I’m sure I’ve made so many hilarious typos but I haven’t yet reread it all so I have no idea what they are. Hmmm…what are some interesting tidbits?

-I wanted to write a werewolf character that breaks the current stereotypes (you know the ones, I’m looking at you Twilight) and return to more of the original werewolf mythology, but still making my character sympathetic and human. I think I’ve done that??

-I also included some random tidbits of werewolf mythology, such as werewolves having stumpy tails, which is a mostly forgotten old piece of folklore. My dog also has a stumpy tail, so it was just fun to include.

-And obviously, this wasn’t my planned NaNoWriMo, I just fell in love with it and couldn’t bear the thought of taking a one or two month break from it while I wrote another book.

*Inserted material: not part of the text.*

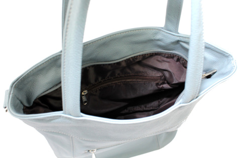 • Wewnątrz torebki znajduje się jedna duża komora, po bokach której znajdują się: zapinana na suwak kieszonka na dokumenty oraz kieszonka na telefon komórkowy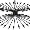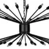 The Lampberto Chandelier features two rings of black iron spokes forming a bold sunburst shape. With 48 bulbs, it creates a dramatic, modern focal point in any room.

10. Take us on a tour of what a normal writing day for this novel looks like. Where do you write? What time of day? Alone or with others? Is a lot of coffee (or some other drink) consumed? Do you light candles? Play music? Get distracted by social media (*cough, cough*)? Tell all!

I don’t really have a normal day, to be honest. Some of this book was written on a long distance train trip, some was written curled in bed during the coldest summer we’ve had in nine years, some was written in snatches at the table before breakfast and long after dinner. However, there were a few things that were mostly consistent. Usually I would wake up, walk my dogs, eat breakfast, do chores and clean the house in the morning. Then I’d have lunch and work on my Kingdom Pen internship articles in the early afternoon. Finally, I’d take the dogs for another walk, or do some training with them and then I’d sit down somewhere between 3:30 and 5, just depending on how much I had to get done and I’d write. I’d take an hour or so off for dinner, feeding dogs and all those chores and then I’d put on a BBC murder mystery (this round it was Lewis, Father Brown, and Endeavour mainly) and write until about 10 or 10:30. Then I’d go to bed 😀

Also, just because I want people to clap for me, I consumed absolutely no caffeine this NaNoWriMo, which is absolutely wild to think about. I somehow got through three months of writing without a drop of coffee or black tea.

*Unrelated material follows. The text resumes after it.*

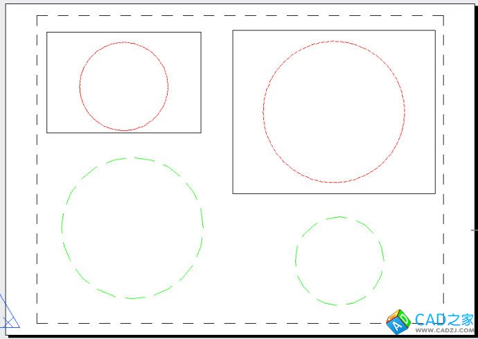 上圖中兩個紅色的圓是同一個圓在兩個比例不同視口中的效果,綠色的是畫在圖紙空間的圓,通過與綠色圓的對比,我們可以看到不同比例視口中的線型單元也是一樣的。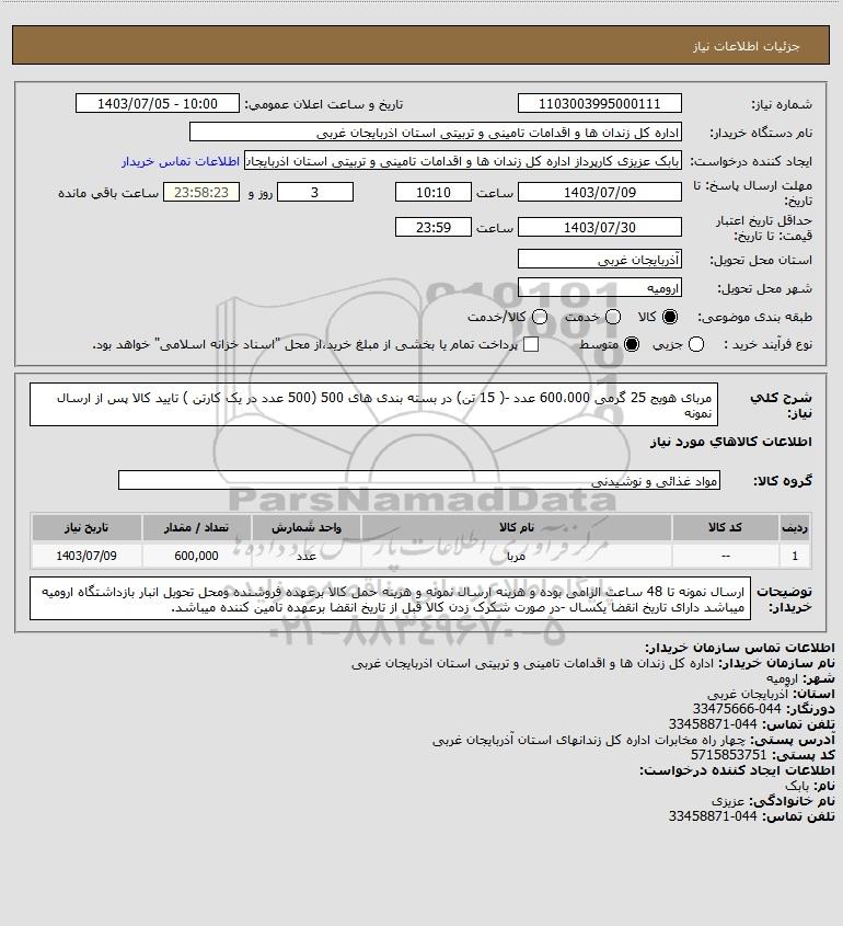 | 1 | -- | مربا | عدد | 600,000 | 1403/07/09 |

What about you guys? How are your writing projects coming along? What are some interesting tidbits from your writing process? And now for a very important question, do you also write with BBC murder mysteries going in the background?

7 thoughts on “Know The Novel: The Darkest Night–Within the Novel

  1. Your prose is beautiful. ❤ And I think I love Ilio.
    I love the aesthetic of writing with BBC murder mysteries on in the background! I tend to write with sisters in the background, mostly, which is enough shrieking for plenty of murder mysteries.


  2. It’s so cool you can go from being a plotter to a pantser just like that. I’ve tried doing the reverse, and realised that pantsing is the only way I’ll be able to get out my first draft. I don’t appreciate the plot holes and character inconsistencies that come with them though. I enjoyed this read. Thanks for sharing!


  3. Well- still on the 5th draft of Tale of the Cattail Forest. Waiting for edits from my dad to continue.

    I was actually surprised when my characters started writing the novel leading to some things I wasn’t expected


  4. I loved hearing more about this project! Glad to hear it’s been going so well; I hope that continues! I love how excited you are about the project and can’t wait to see how things progress.
    Recently, I’ve been thinking of a new idea I could try to incorporate which may or may not significantly change how my Sengoku-era novel unfolds. I haven’t employed it yet, so it may not pan out, but we’ll see!


  5. Love the snippets. ❤ ❤ They are so intense and intriguing and I am so hooked.
    Oh, I love how you're aiming to break out of the tropes/stereotypes of modern werewolves because, to be honest, I hate those types of werewolves but also at the same time I always found them interesting when I dug a little deeper into their mythology. It was a bit conflicting to love and hate werewolves. Also I couldn't write about the werewolves I liked because it just didn't work. So it is amazing that this story will have those things!